What Is An SIP Calculator?
A mutual fund SIP calculator is an online financial tool to help you determine the expected rate of return on your SIP investment at the end of your SIP tenure. The SIP calculator can help you fulfill your financial goals by determining investment amount, possible capital gains, and estimated maturity amount.
The SIP calculator considers two approaches- the investment amount approach and the target amount approach, both of which work on user-defined data. All you have to do is enter the amount you wish to invest or the target amount, the expected rate of return, duration of investment, and step up if any.
Planning Your Investment Using An SIP Calculator
Prior to any investment, a deep and thorough understanding of the market is essential. It is also important to consider your investment goals and evaluate if the investment objectives are aligned.
Using a mutual fund SIP calculator will help you plan your investments. Here’s how:
Evaluate Maturity Amount
As discussed earlier, SIP calculators consider two approaches- the investment amount approach and the target amount approach. This gives you a clear understanding of your monthly SIP amount to achieve the target maturity amount.
SIP calculators demonstrate data in both tabular and graphical form, which can help you interpret data and make calculated decisions.
Mutual funds are subject to market risks. Based on this, SIP calculators provide calculations on the basis of three growth scenarios:
- Above average
- Below Average
This will help you consider all possible market scenarios and choose what’s best to meet your investment objectives.
Stepping up is optional, but an integral part of the investment that helps you increase your annual mutual fund investments’ amount. Doing so will ease your process of reaching your financial objectives and a SIP calculator allows you to enter if you’re thinking about stepping up your SIP investments.
Using the SIP calculator can help you make more informed decisions about your SIP investments which in turn will help you earn significant returns.
Wealth planners and finance experts believe that investing in mutual funds through SIP is the first step in becoming financially disciplined and getting into the habit of saving. The Systematic Investment Plan Calculator (or, SIP return calculator) is a great tool to help you get started on this journey. You can determine your maturity amount at the end of your SIP tenure.
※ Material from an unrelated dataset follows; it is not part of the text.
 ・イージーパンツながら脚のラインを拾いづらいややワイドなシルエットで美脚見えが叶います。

But it must also be kept in mind that the value of assets can either grow or decline in the future because of which mutual fund investments are subject to market risks.
- Which SIP is best for 5 years?
Parag Parikh Flexi Cap Fund is the best performing fund as of August 2021. With a fund size of ₹111,360 crores, it has been providing a compound annual growth rate (CAGR) of 20.73%.
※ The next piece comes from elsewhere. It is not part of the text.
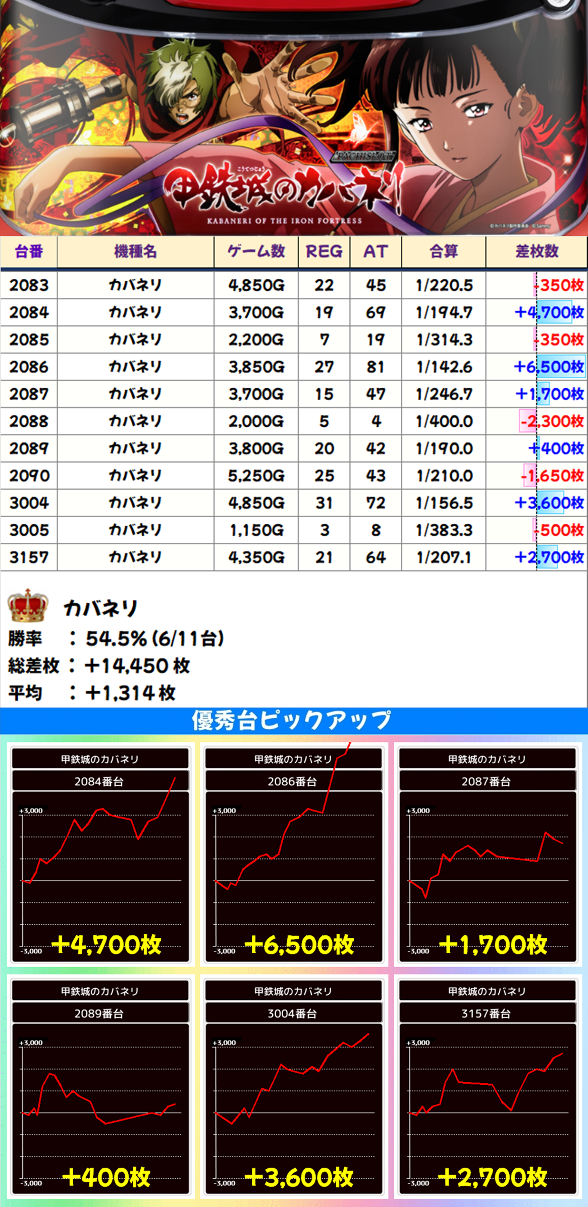 11台設置の「カバネリ」も1/2系濃厚。結果は平均差枚+1,314枚で6台がプラス差枚。+6,500枚を筆頭に5台が1,500枚以上の出玉を獲得しました。

- What is the average return on SIP?
SIP returns vary from one fund to another. Usually, for large-cap equities, a return of 12-18% can be expected, and the expected rate is around 14-17% from mid-cap equities and for a long-term debt-based mutual fund, one can expect a return of 6 – 9 % p.a.
- Is annualized return the same as CAGR?
Annualized return is similar to returns for the entire year whereas, CAGR or compound annual growth rate is the average per annum of your investment.